(DATA EXCERPTS begins)
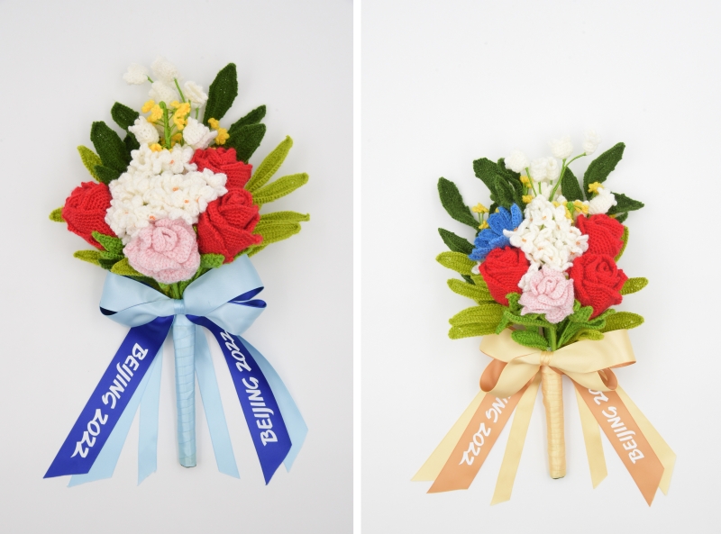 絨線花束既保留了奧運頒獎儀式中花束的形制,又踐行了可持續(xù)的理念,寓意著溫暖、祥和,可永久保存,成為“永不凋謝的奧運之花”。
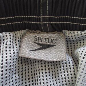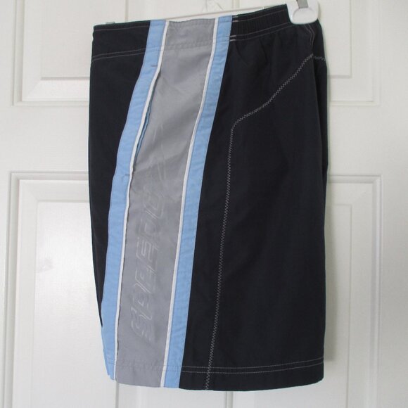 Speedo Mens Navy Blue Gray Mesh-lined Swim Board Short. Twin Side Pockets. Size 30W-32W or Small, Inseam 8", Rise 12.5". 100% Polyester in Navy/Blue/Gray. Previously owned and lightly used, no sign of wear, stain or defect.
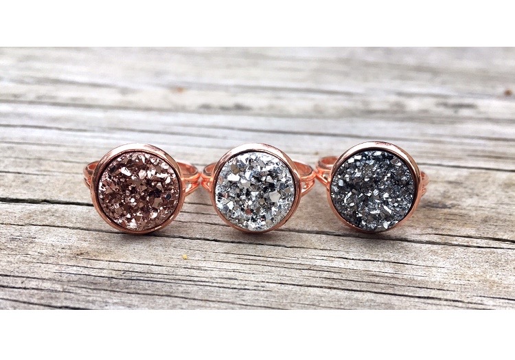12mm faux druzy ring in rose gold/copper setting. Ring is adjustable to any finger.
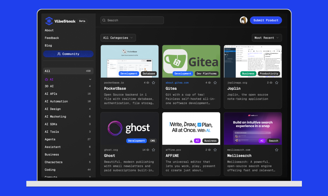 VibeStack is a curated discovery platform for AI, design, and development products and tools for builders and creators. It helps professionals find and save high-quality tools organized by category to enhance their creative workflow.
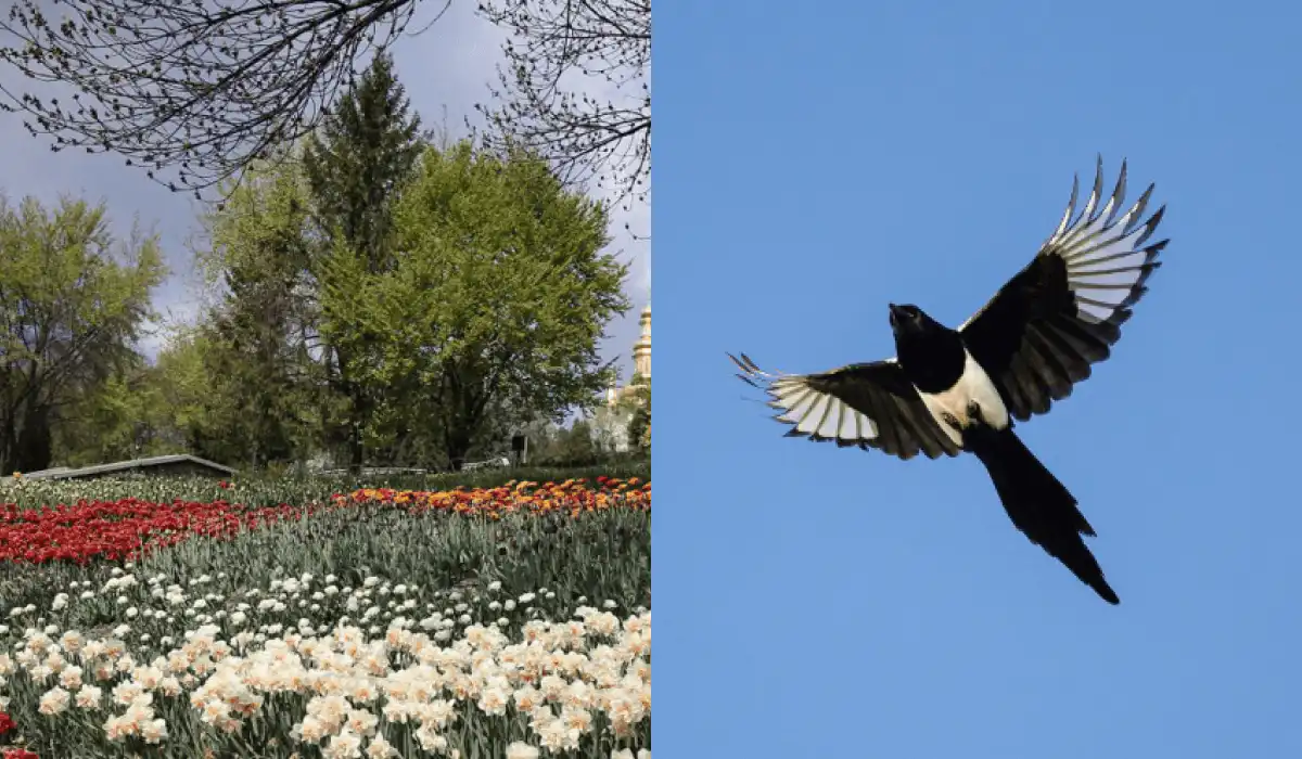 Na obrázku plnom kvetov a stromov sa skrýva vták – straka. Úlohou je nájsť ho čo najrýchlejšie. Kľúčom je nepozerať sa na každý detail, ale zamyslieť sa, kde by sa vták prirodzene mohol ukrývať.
(DATA EXCERPTS ends)
(DATA EXCERPTS begins)
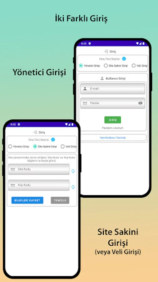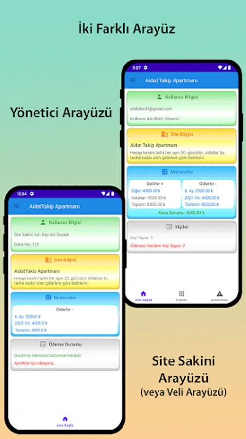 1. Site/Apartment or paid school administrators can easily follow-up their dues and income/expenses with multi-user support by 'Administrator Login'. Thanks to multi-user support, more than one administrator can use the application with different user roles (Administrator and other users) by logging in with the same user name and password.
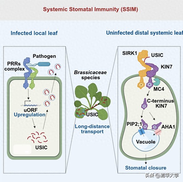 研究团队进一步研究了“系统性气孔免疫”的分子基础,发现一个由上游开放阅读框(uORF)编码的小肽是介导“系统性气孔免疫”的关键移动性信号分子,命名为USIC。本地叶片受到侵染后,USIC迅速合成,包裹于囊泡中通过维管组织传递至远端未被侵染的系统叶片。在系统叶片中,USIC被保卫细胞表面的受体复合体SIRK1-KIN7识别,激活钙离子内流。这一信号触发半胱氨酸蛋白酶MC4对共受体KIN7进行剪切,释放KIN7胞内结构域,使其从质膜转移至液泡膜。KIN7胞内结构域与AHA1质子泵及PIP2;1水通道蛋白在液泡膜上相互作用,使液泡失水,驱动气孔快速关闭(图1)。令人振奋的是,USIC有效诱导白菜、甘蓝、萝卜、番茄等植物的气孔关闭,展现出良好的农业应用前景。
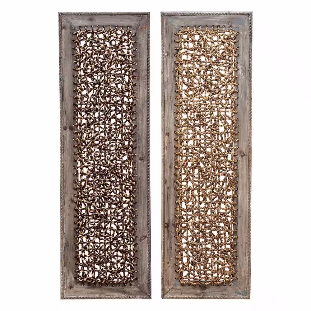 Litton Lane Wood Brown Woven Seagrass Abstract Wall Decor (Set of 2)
(DATA EXCERPTS ends)
* **PROBLEM STATEMENT**
Give back exactly, and solely, the section of the data above bounded by the line containing "VibeStack is a" and the line containing "Na obrázku plnom", both bounding lines included and pictures omitted.

* **RESPONSE TO THE TASK**
 VibeStack is a curated discovery platform for AI, design, and development products and tools for builders and creators. It helps professionals find and save high-quality tools organized by category to enhance their creative workflow.
 Na obrázku plnom kvetov a stromov sa skrýva vták – straka. Úlohou je nájsť ho čo najrýchlejšie. Kľúčom je nepozerať sa na každý detail, ale zamyslieť sa, kde by sa vták prirodzene mohol ukrývať.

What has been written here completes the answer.